● **Task to carry out**
Reproduce exactly the line containing "Halaman berita berisikan" and each line after it until the listing ends, leaving pictures out.

● **Information provided**
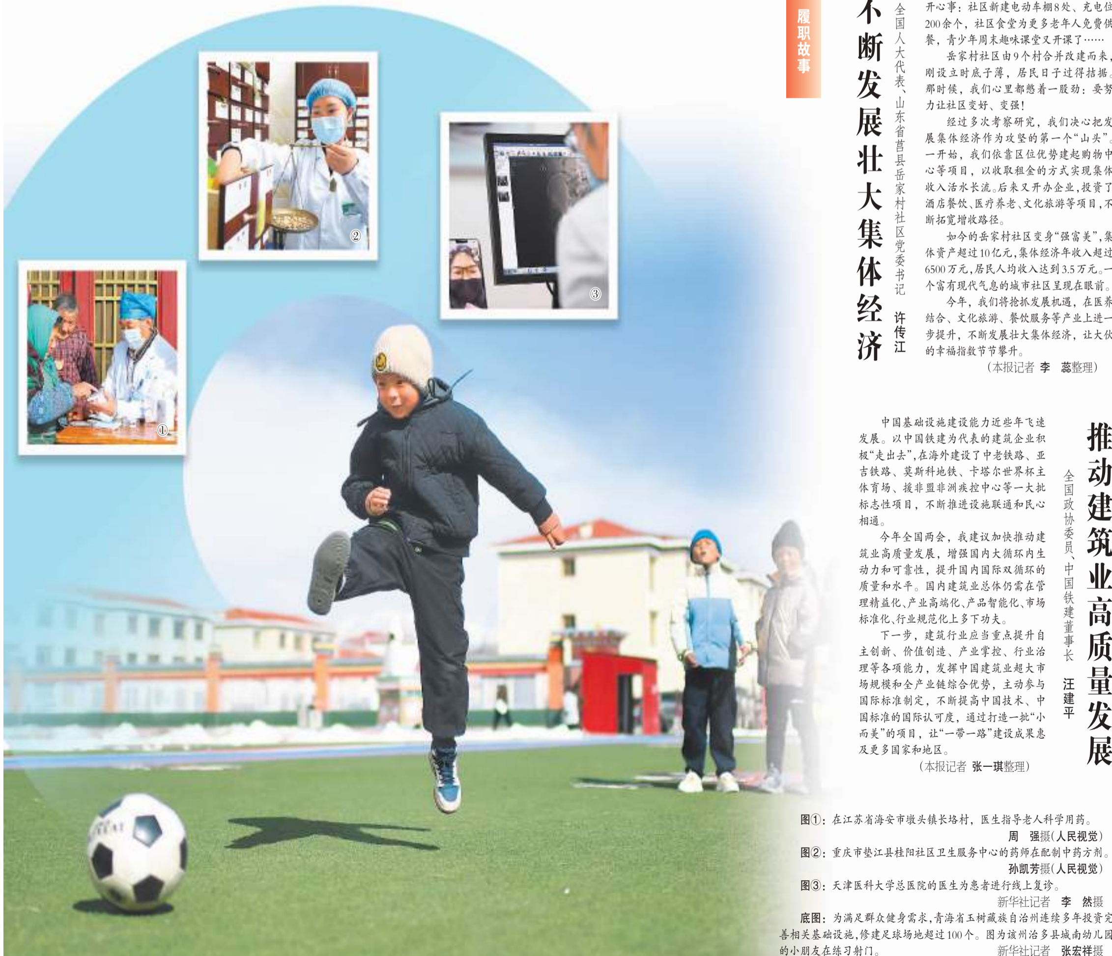
底图：为满足群众健身需求，青海省玉树藏族自治州连续多年投资完善相关基础设施，修建足球场超过100个。图为该州治多县城南幼儿园的小朋友在练习射门。
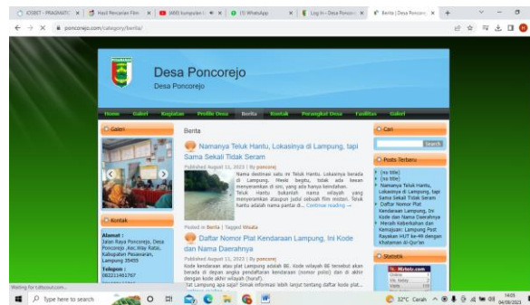
Gambar 2.9 Halaman Berita

Halaman berita berisikan tentang seluruh berita yang terkait dengan desa.
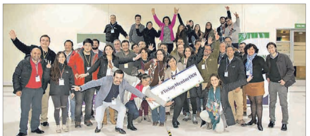
EL EQUIPO DE MENTORES Y LOS EMPRENDEDORES tras la jornada del cuarto BMU.

● **Task result**
Halaman berita berisikan tentang seluruh berita yang terkait dengan desa.
EL EQUIPO DE MENTORES Y LOS EMPRENDEDORES tras la jornada del cuarto BMU.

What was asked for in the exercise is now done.